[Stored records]
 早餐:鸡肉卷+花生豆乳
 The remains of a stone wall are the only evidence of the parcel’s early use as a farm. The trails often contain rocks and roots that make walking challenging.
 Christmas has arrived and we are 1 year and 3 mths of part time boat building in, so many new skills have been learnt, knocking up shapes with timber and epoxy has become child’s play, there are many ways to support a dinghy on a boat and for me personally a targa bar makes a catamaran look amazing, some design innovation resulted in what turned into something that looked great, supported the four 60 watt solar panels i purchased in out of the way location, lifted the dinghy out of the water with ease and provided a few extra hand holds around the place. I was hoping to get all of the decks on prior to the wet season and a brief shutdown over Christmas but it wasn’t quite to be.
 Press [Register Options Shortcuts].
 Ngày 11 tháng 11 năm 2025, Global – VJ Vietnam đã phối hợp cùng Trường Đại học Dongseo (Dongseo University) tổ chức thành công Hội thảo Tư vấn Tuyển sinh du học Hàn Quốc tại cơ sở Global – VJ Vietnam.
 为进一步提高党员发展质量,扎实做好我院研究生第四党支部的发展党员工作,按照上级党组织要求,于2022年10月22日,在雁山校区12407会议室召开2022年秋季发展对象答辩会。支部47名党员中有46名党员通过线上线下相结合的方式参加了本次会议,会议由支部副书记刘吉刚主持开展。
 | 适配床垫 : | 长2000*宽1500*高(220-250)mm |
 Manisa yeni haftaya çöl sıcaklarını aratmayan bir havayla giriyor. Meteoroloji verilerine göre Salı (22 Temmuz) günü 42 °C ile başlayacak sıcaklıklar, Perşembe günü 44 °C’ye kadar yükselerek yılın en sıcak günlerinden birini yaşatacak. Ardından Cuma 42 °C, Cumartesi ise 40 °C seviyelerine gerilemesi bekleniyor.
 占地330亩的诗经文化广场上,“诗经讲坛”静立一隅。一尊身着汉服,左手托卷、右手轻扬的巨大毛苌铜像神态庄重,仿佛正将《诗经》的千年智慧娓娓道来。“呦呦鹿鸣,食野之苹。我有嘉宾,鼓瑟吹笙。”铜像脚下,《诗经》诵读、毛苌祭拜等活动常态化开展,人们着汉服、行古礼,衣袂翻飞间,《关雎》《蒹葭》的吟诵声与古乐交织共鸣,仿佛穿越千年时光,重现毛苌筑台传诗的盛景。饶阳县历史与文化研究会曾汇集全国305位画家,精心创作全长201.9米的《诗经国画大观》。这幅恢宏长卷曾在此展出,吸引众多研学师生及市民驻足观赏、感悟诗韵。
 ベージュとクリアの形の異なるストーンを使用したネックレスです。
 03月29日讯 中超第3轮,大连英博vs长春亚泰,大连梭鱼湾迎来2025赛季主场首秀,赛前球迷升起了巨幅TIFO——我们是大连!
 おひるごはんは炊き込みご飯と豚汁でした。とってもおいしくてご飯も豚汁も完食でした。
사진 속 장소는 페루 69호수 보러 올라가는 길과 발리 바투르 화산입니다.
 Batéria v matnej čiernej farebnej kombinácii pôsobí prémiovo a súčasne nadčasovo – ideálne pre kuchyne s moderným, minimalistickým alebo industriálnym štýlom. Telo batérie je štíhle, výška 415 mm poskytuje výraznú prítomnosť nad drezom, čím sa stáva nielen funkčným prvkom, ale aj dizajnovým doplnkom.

> **Exercise instructions**: Copy every line of the records above, starting with the first, up to and including the line containing "Manisa yeni haftaya".

> **Task solution**:
 早餐:鸡肉卷+花生豆乳
 The remains of a stone wall are the only evidence of the parcel’s early use as a farm. The trails often contain rocks and roots that make walking challenging.
 Christmas has arrived and we are 1 year and 3 mths of part time boat building in, so many new skills have been learnt, knocking up shapes with timber and epoxy has become child’s play, there are many ways to support a dinghy on a boat and for me personally a targa bar makes a catamaran look amazing, some design innovation resulted in what turned into something that looked great, supported the four 60 watt solar panels i purchased in out of the way location, lifted the dinghy out of the water with ease and provided a few extra hand holds around the place. I was hoping to get all of the decks on prior to the wet season and a brief shutdown over Christmas but it wasn’t quite to be.
 Press [Register Options Shortcuts].
 Ngày 11 tháng 11 năm 2025, Global – VJ Vietnam đã phối hợp cùng Trường Đại học Dongseo (Dongseo University) tổ chức thành công Hội thảo Tư vấn Tuyển sinh du học Hàn Quốc tại cơ sở Global – VJ Vietnam.
 为进一步提高党员发展质量,扎实做好我院研究生第四党支部的发展党员工作,按照上级党组织要求,于2022年10月22日,在雁山校区12407会议室召开2022年秋季发展对象答辩会。支部47名党员中有46名党员通过线上线下相结合的方式参加了本次会议,会议由支部副书记刘吉刚主持开展。
 | 适配床垫 : | 长2000*宽1500*高(220-250)mm |
 Manisa yeni haftaya çöl sıcaklarını aratmayan bir havayla giriyor. Meteoroloji verilerine göre Salı (22 Temmuz) günü 42 °C ile başlayacak sıcaklıklar, Perşembe günü 44 °C’ye kadar yükselerek yılın en sıcak günlerinden birini yaşatacak. Ardından Cuma 42 °C, Cumartesi ise 40 °C seviyelerine gerilemesi bekleniyor.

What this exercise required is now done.